Originally published Friday, February 8, 2008 at 12:00 AM
Movie review
"The Rape of Europa" a fascinating documentary
From the pages of a book, the tangle-haired subject of Raphael's "Portrait of a Young Man" smiles enigmatically at the camera; on the regal...
Seattle Times movie critic
Movie review 
From the pages of a book, the tangle-haired subject of Raphael's "Portrait of a Young Man" smiles enigmatically at the camera; on the regal red wall of a Krakow museum, an ornate gold frame hangs empty. The painting was stolen by the Nazis during World War II, as part of a vast Third Reich strategy of looting Europe's great works of art. Decades later, it has never been found.

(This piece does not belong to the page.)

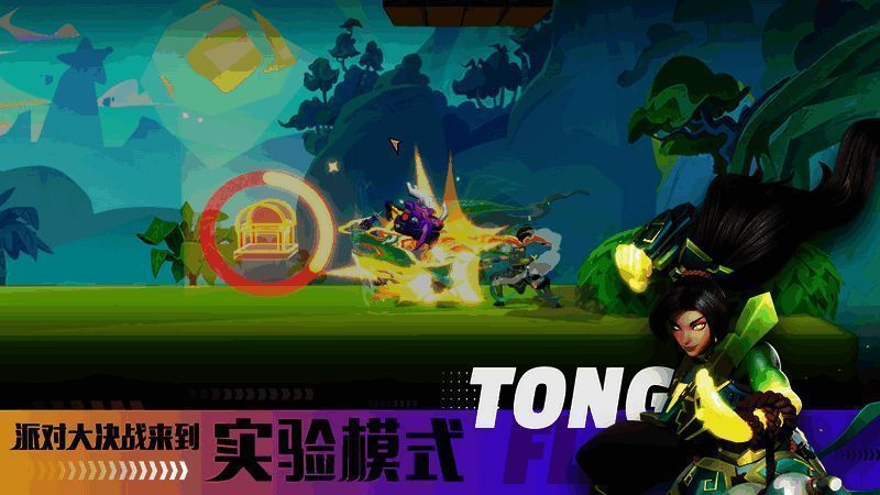 实验模式中的【派对大决战】也会正式上线1.0大版本。全新的吃鸡模式支持10人单人对决,玩家在游戏过程中,可以寻找宝箱获取其中的宝物增强实力,为对局增加了更多的随机性;也可以选择利用地图上的草丛、弹簧跳板等机制获取地形优势,打对手一个措手不及,让游戏体验更加充满趣味性。

"The Rape of Europa," a fascinating, far-reaching documentary by Richard Berge, Bonni Cohen and Nicole Newnham, examines the stories of a few of the millions of artworks stolen or destroyed during the war. "Hitler purged art he hated and stole art he coveted," says narrator Joan Allen, explaining that the Führer (himself a mediocre painter rejected from a Vienna art school) made art "collecting" a required pastime for the Nazi elite. Art historians were commissioned to draw up lists of art the Nazis wanted, to be seized when the countries in which the art resided were conquered.
As Hitler's plans became known, museum curators sprang into action — and some of the film's most intriguing footage shows their response. Staff worked overtime to evacuate the Louvre in Paris, packing the artworks (including the Mona Lisa, dispatched in its own temperature-controlled vehicle) and sending them to secret locations in the countryside. A haunting black-and-white image shows the museum's vast, bare hallways, with empty frames leaning against the wall. "Winged Victory of Samothrace," the large, ancient sculpture that has long greeted Louvre visitors at the top of a staircase, had to be laboriously transported down the stairs, by curators terrified by what might happen should a hand or foot slip. In Russia, curators at the Hermitage were able to take advantage of the country's "white nights" by packing art around the clock.
The documentary suffers from squeezing perhaps too many stories, countries and facts into two hours: This is a vast subject, ideally suited to a series of films. It's at its most moving when focusing on the small stories of individual artworks taken from their owners and restored to the families decades later (such as a gorgeous, glittering Gustav Klimt painting, lovingly explored by the camera). As a Utah museum head says in the film, after returning a François Boucher painting to the daughter of a Jewish gallery owner, such acts of belated justice "confer a little humanity back on all of us."